日本には日本のビジネスにおける習慣というのがありますが、これだけグローバル化が進むと日本のルールが世界で通用しないことがあるのも実感しています。なぜなら、世界のビジネスの基本的なルールや方法は、私から見るとやはり欧米流だからです。欧米がプロレスのリングで戦っているとすると、我々は土俵で相撲をとっているという感じでしょうか。
我々のお客様はグローバルなので、それに適応するルールと考え方で接することが大切です。
休暇はどのように過ごされているのですか。
私はオペラ鑑賞が好きなんです。デトロイトでも年に数演目が上演されますが、シカゴやクリーブランドへも、仲間を募って交代で運転をしながらオペラを見に行きます。リタイアしたら1年くらいミラノに住んでオペラを満喫するのが夢です。
商社時代に赴任していたニューヨークは、メトロポリタンオペラがあって最高でした。現在も親戚に会うために年に数回出かけます。ステーキやフレンチなど、当時から気に入っているお店もあり食事も楽しみです。レストランの話題になると目が輝いてしまいます。
最後に、これからの展望をお聞かせください。
近年デトロイト3(※)も好調で、順調に推移しています。しかしマーケットは少し飽和状態になり、成長は鈍化するかもしれません。矢崎グループとしては、より伸びゆくマーケットを見据えないといけません。メキシコ市場も急激な伸びはないためコスト削減を要求され、競争も激化します。会社として筋肉質な体質作りを愚直にやっていくことが大切だと思っています。

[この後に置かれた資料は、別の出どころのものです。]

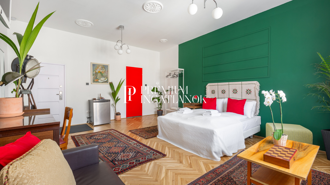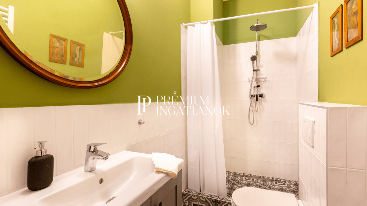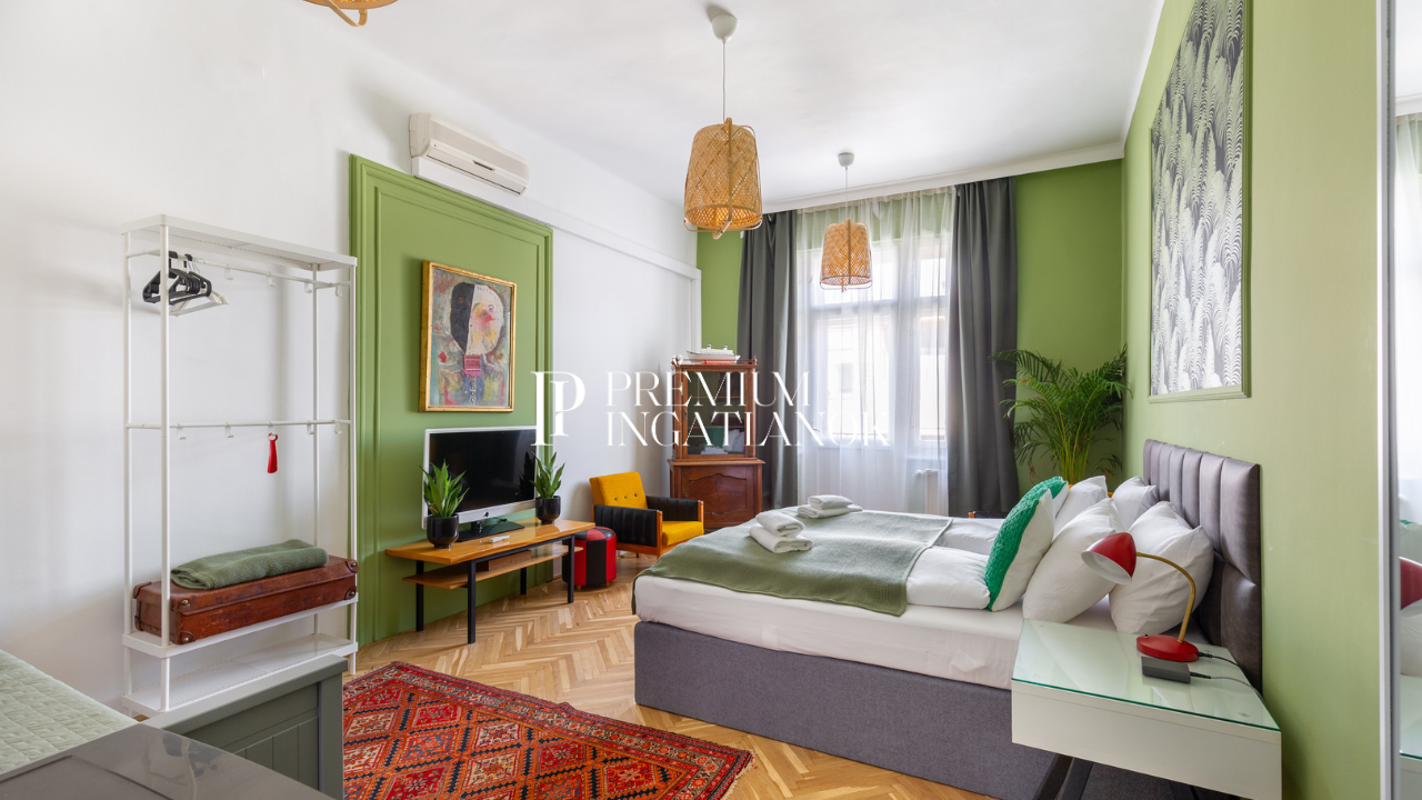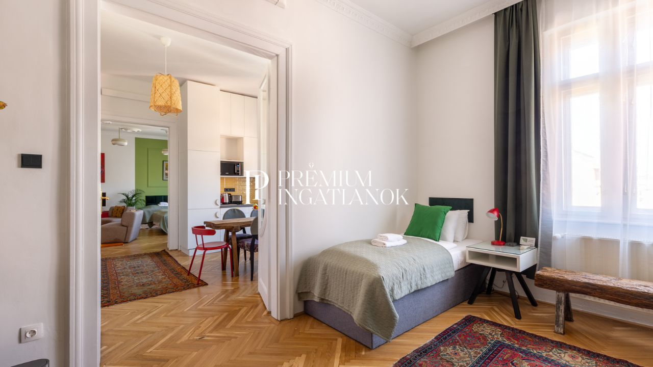 Sokoldalú felhasználási lehetőségek: Az ingatlan jelenleg szálláshelyként üzemel 4 apartmannal, ami azonnali bevételi forrást jelenthet rövid távú kiadásban gondolkodó befektetőknek. Korábban ügyvédi iroda működött itt, ami bizonyítja, hogy az ingatlan irodai célra is tökéletesen alkalmas elegáns belmagasságú terei és reprezentatív elhelyezkedése ideális egy cégközpont vagy rendelő számára. A 310 cm-es belmagasság és a napfényes, délkeleti tájolású szobák kellemes, tágas légkört teremtenek, legyen szó irodai munkáról vagy vendégek fogadásáról. A 5 szoba és 4 fürdőszoba kialakítása lehetővé teszi akár több külön lakásra történő felosztását, vagy éppen egy közösségi szálláshely (pl. hostel) létrehozását is. Az ingatlan jogi státusza rendezett, így mind irodaként, mind szálláshelyként való hasznosítása lehetséges hivatalosan is.

自動運転も技術開発のスピードが勝負になりますが、残念ながら日系より欧米系の方がスピーディーなのが現状です。アメリカでは自動車メーカーのみならずTesla MotorsやGoogleなどハイテク系新規参入者が増えており、こうした新たな潮流は侮れません。
我々は、本社のある日本以上にスピード感があり、規模も影響も大きい国にいる立場として、率先して新しい波を捉える役割を担っていると思っています。品質を保ちながらイノベーションにもチャレンジをし、中身で勝負をする会社であり続けたいと思っています。
※デトロイトに拠点を置くアメリカの3 大自動車メーカー、ゼネラル・モーターズ、フォード、クライスラーを指す。かつての「ビッグ3」。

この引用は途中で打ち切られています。